Take the line that contains "The live draw" and each line after it to the end of the material below, and return them exactly, minus the pictures.

**Entries shown:**

____

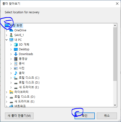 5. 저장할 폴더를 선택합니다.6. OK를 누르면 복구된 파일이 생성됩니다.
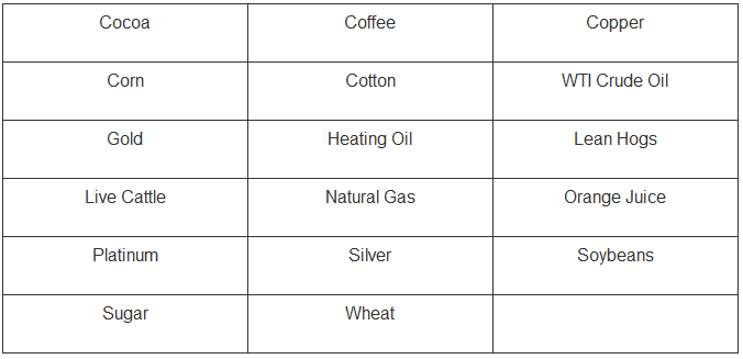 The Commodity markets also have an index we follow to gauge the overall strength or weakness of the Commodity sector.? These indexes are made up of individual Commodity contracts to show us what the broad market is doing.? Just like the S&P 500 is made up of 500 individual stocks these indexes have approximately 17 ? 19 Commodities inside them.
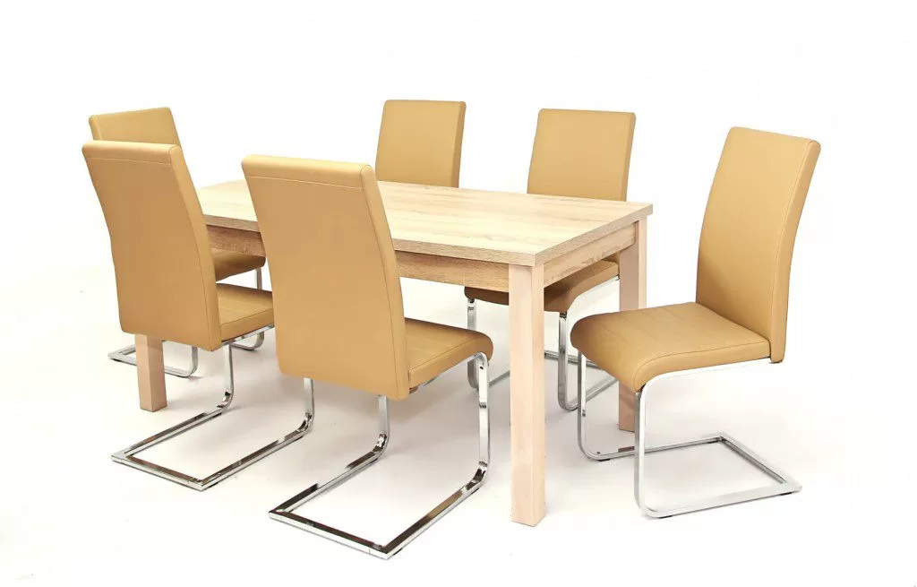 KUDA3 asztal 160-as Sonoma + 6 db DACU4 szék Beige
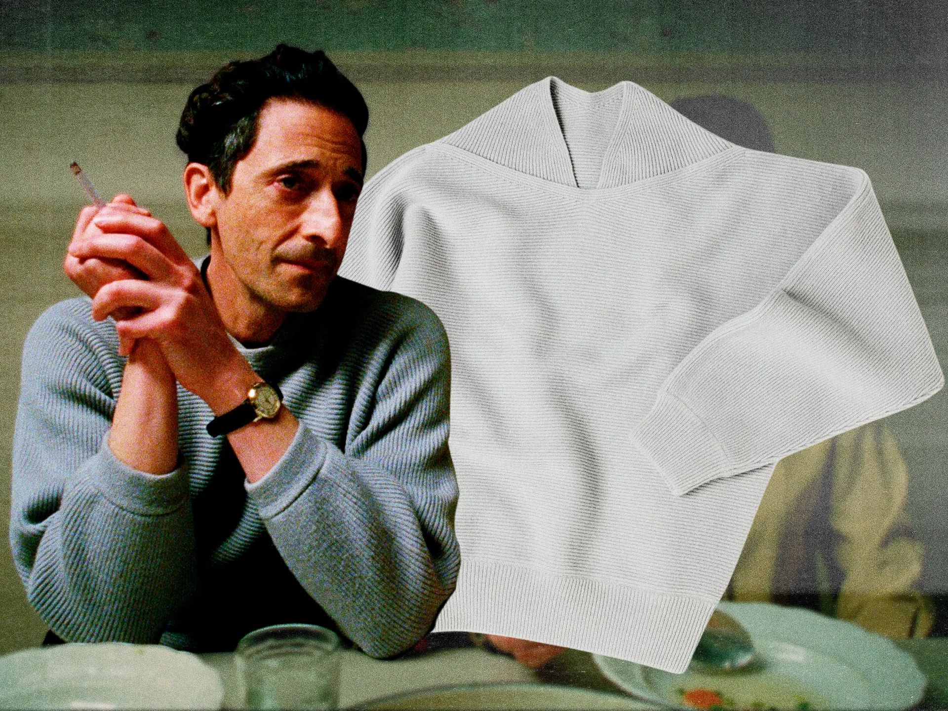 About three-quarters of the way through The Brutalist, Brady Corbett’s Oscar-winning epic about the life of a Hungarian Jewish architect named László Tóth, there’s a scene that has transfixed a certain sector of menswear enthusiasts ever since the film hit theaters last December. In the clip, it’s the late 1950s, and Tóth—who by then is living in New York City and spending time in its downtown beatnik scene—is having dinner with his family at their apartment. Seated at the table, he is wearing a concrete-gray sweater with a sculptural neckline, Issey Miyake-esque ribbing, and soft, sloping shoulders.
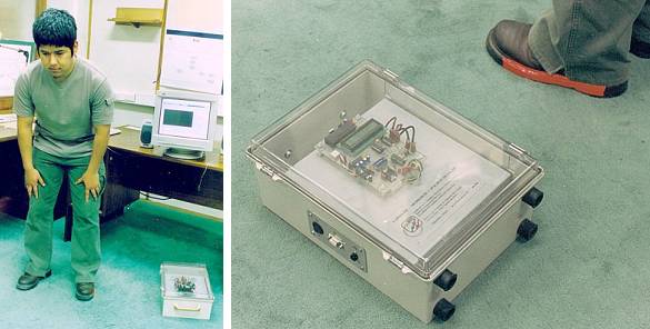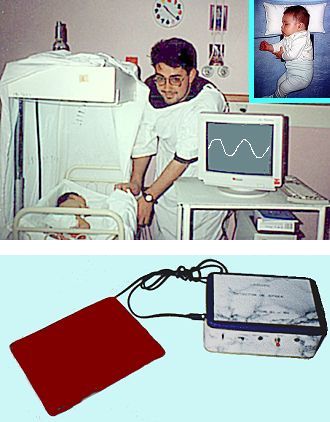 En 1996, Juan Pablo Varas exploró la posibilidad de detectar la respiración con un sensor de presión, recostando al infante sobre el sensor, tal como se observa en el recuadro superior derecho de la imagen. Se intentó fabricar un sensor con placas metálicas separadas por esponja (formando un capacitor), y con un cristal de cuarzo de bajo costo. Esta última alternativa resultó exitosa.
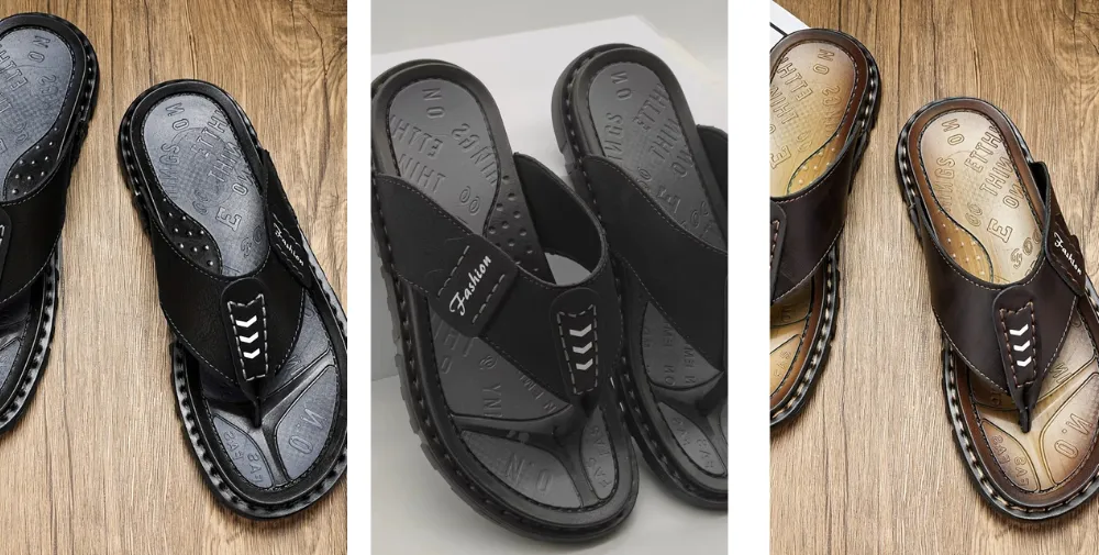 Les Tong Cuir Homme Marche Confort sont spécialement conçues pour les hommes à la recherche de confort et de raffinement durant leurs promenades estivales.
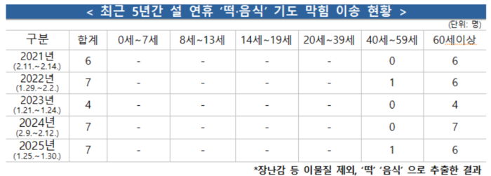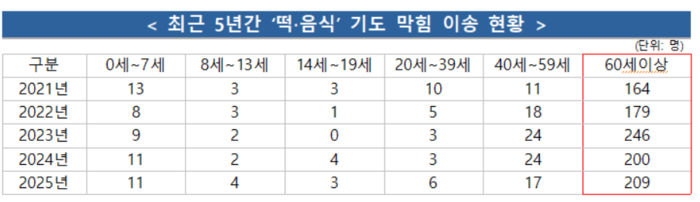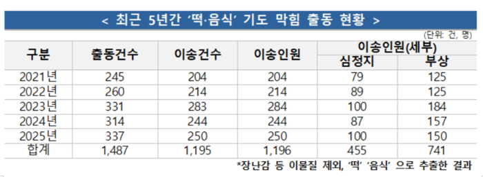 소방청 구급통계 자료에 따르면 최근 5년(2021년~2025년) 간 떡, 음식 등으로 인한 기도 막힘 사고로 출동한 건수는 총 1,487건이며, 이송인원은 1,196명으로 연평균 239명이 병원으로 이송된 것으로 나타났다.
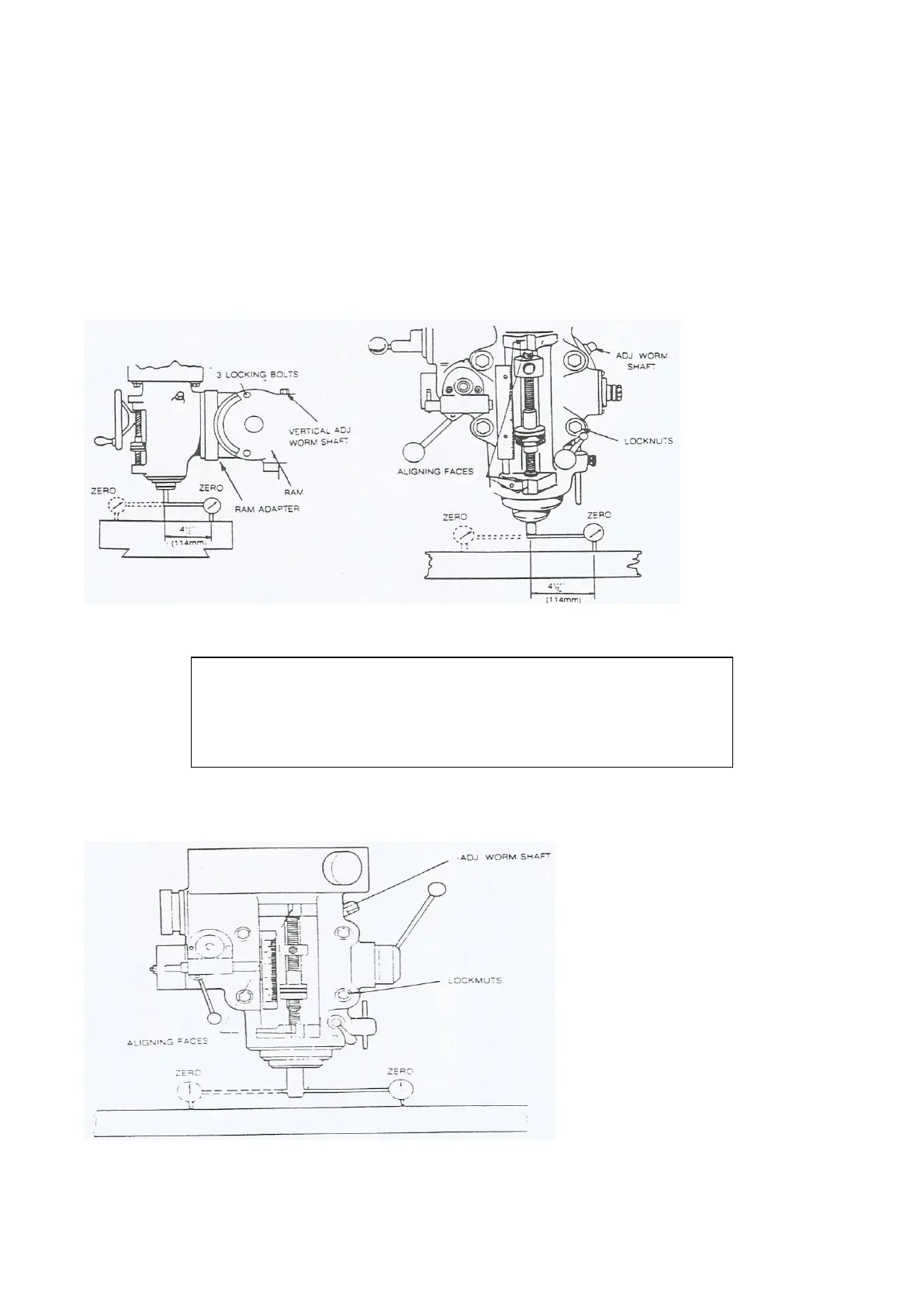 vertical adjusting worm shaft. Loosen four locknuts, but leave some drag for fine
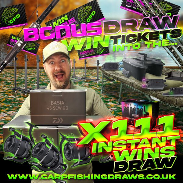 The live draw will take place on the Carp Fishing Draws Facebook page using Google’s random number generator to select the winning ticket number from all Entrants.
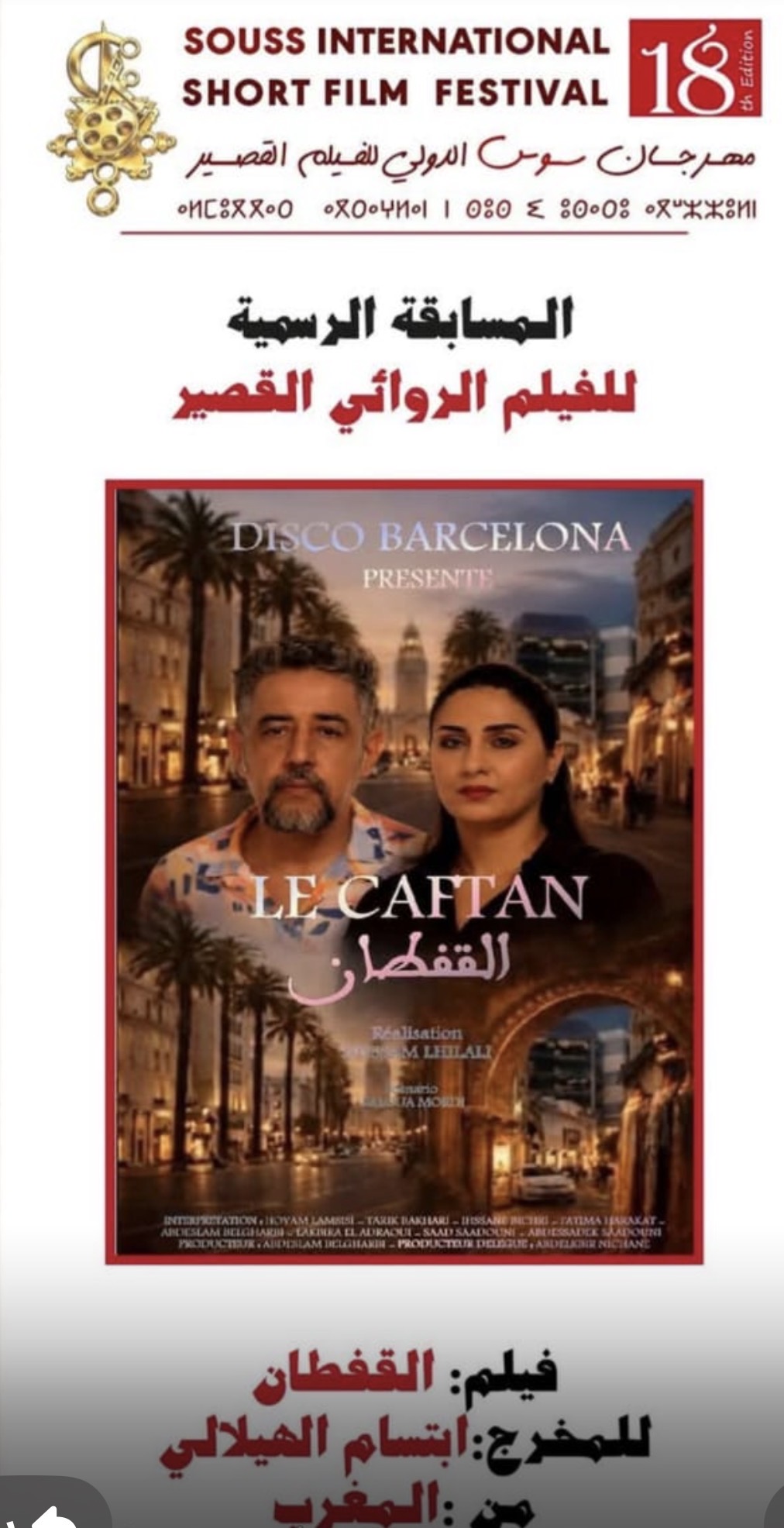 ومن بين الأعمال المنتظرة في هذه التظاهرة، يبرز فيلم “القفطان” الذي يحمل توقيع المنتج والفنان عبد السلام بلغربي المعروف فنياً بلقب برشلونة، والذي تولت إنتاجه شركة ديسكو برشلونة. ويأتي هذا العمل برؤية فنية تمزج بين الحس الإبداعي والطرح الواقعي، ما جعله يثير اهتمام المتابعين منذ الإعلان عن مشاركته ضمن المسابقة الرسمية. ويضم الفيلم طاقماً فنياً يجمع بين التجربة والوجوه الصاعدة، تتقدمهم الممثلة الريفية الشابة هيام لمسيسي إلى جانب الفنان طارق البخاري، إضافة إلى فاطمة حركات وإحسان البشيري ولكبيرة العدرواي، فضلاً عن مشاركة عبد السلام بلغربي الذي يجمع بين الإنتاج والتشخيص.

____

**Result for this task:**
 The live draw will take place on the Carp Fishing Draws Facebook page using Google’s random number generator to select the winning ticket number from all Entrants.
 ومن بين الأعمال المنتظرة في هذه التظاهرة، يبرز فيلم “القفطان” الذي يحمل توقيع المنتج والفنان عبد السلام بلغربي المعروف فنياً بلقب برشلونة، والذي تولت إنتاجه شركة ديسكو برشلونة. ويأتي هذا العمل برؤية فنية تمزج بين الحس الإبداعي والطرح الواقعي، ما جعله يثير اهتمام المتابعين منذ الإعلان عن مشاركته ضمن المسابقة الرسمية. ويضم الفيلم طاقماً فنياً يجمع بين التجربة والوجوه الصاعدة، تتقدمهم الممثلة الريفية الشابة هيام لمسيسي إلى جانب الفنان طارق البخاري، إضافة إلى فاطمة حركات وإحسان البشيري ولكبيرة العدرواي، فضلاً عن مشاركة عبد السلام بلغربي الذي يجمع بين الإنتاج والتشخيص.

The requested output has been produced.